[[ The records open ]]
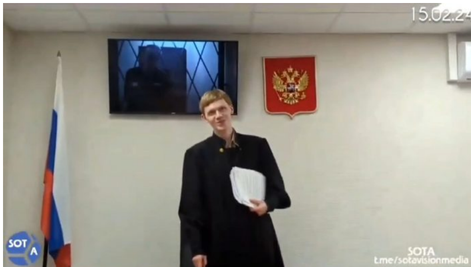
Navalný vtipkoval s mladým soudcem o tom, aby mu poslal nějaké peníze na účet

Pokud Navalnému někdo ke smrti pomohl, aby poškodil Kreml a mediálně překryl pád ukrajinské fronty v Avdějevce, potom má Vladimir Putin někde okolo sebe zrádce. To je špatná zpráva pro Kreml. Pokud se ale ukáže, že se Navalný stal obětí opakovaných boosterů ruského Sputniku, je to možná ještě horší zpráva pro Kreml. Tím by se ukázalo, že ruský Sputnik je v podstatě podobný, ne-li stejný jako AstraZeneca či Johnson & Johnson.
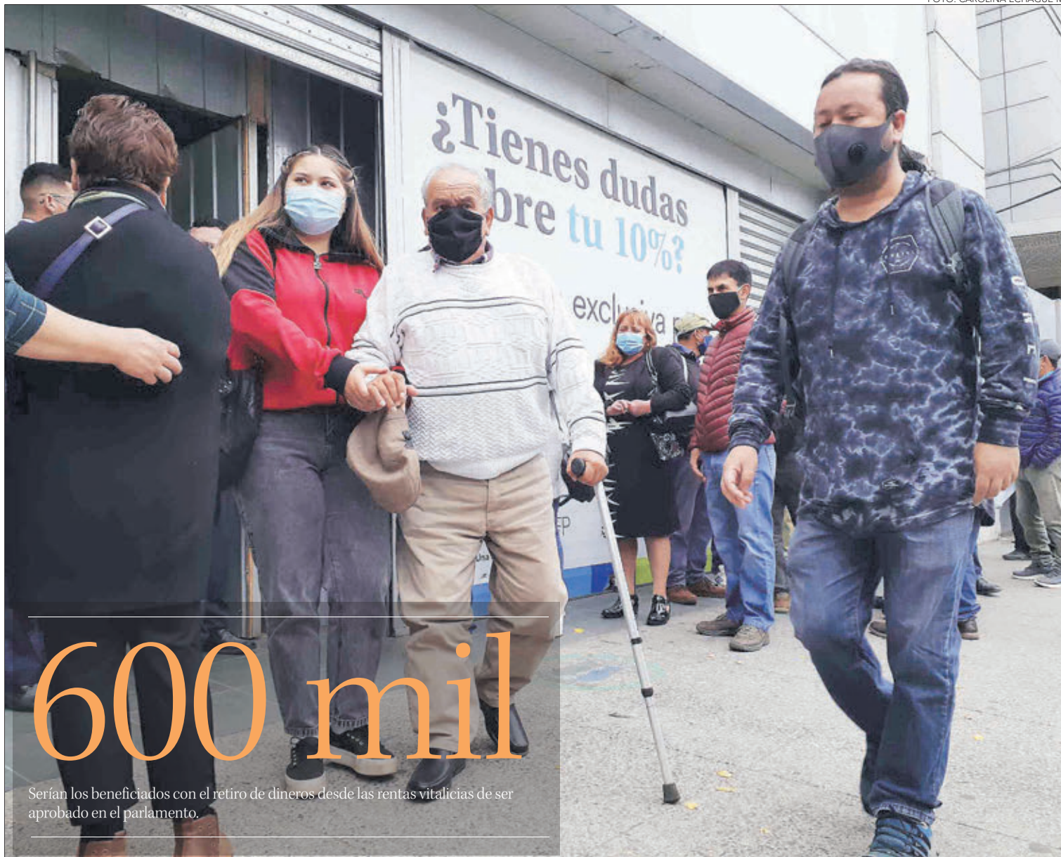
Serían los beneficiados con el retiro de dineros desde las rentas vitalicias de ser aprobado en el parlamento.

SE ANUNCIÓ INGRESO DE NUEVO PROYECTO DE LEY
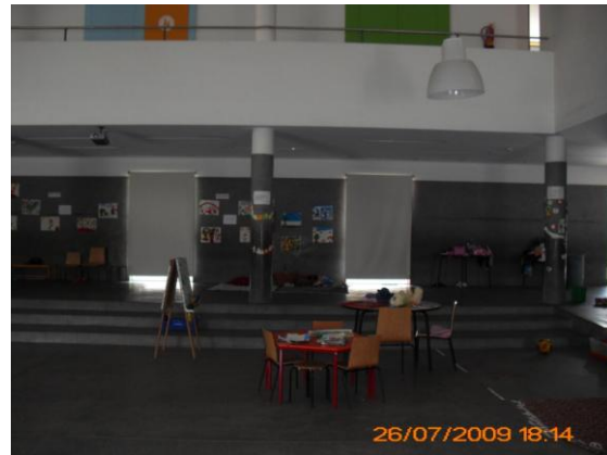
FOTO 48 - POLIVALENTE
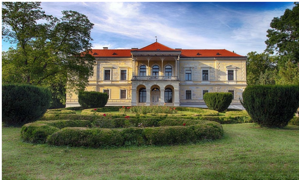
Slika 7. Dvorac Laduč
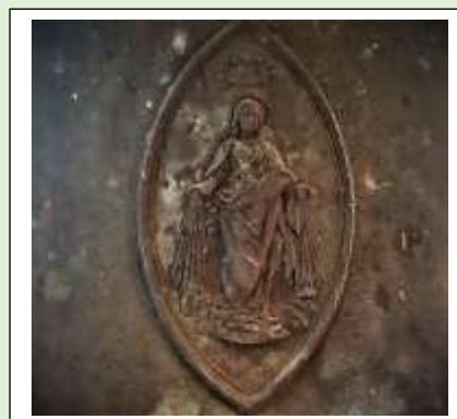
Afbeelding van Maria in de luidklok
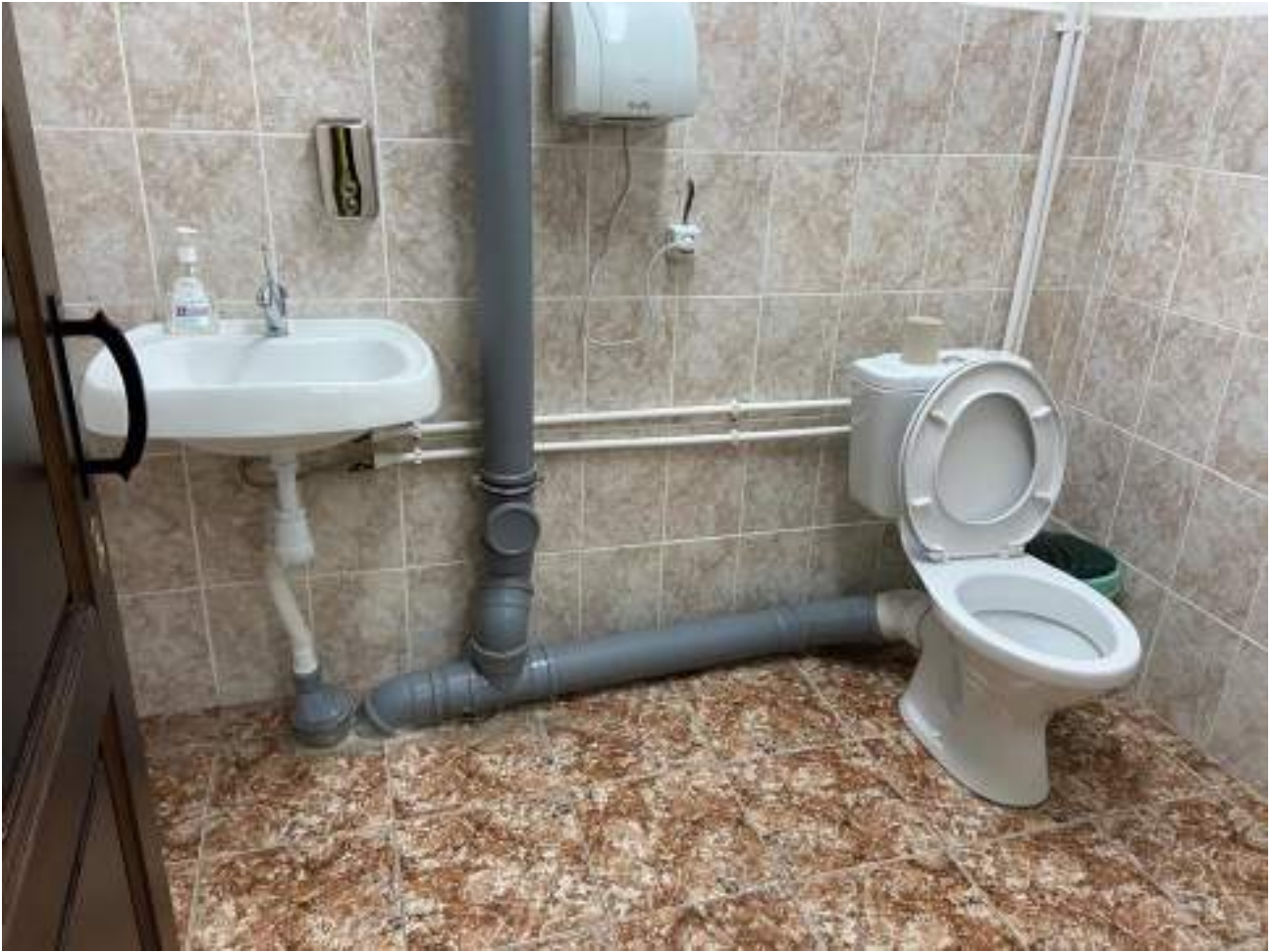
Рисунок 5.3. Кабина санузла
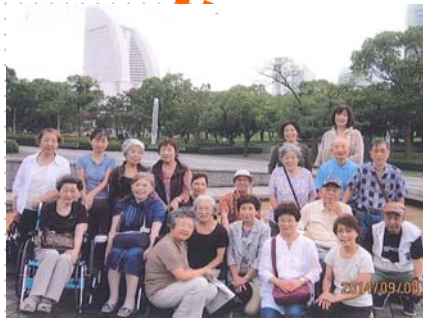
中途障がい者団体いずみ会
[[ The records closed ]]
## The problem
Where the line containing "Pokud Navalnému někdo" appears in the entries above, start there and set down every line exactly through the last one, inclusive; omit pictures.

## Answer for the task
Pokud Navalnému někdo ke smrti pomohl, aby poškodil Kreml a mediálně překryl pád ukrajinské fronty v Avdějevce, potom má Vladimir Putin někde okolo sebe zrádce. To je špatná zpráva pro Kreml. Pokud se ale ukáže, že se Navalný stal obětí opakovaných boosterů ruského Sputniku, je to možná ještě horší zpráva pro Kreml. Tím by se ukázalo, že ruský Sputnik je v podstatě podobný, ne-li stejný jako AstraZeneca či Johnson & Johnson.
Serían los beneficiados con el retiro de dineros desde las rentas vitalicias de ser aprobado en el parlamento.

SE ANUNCIÓ INGRESO DE NUEVO PROYECTO DE LEY
FOTO 48 - POLIVALENTE
Slika 7. Dvorac Laduč
Afbeelding van Maria in de luidklok
Рисунок 5.3. Кабина санузла
中途障がい者団体いずみ会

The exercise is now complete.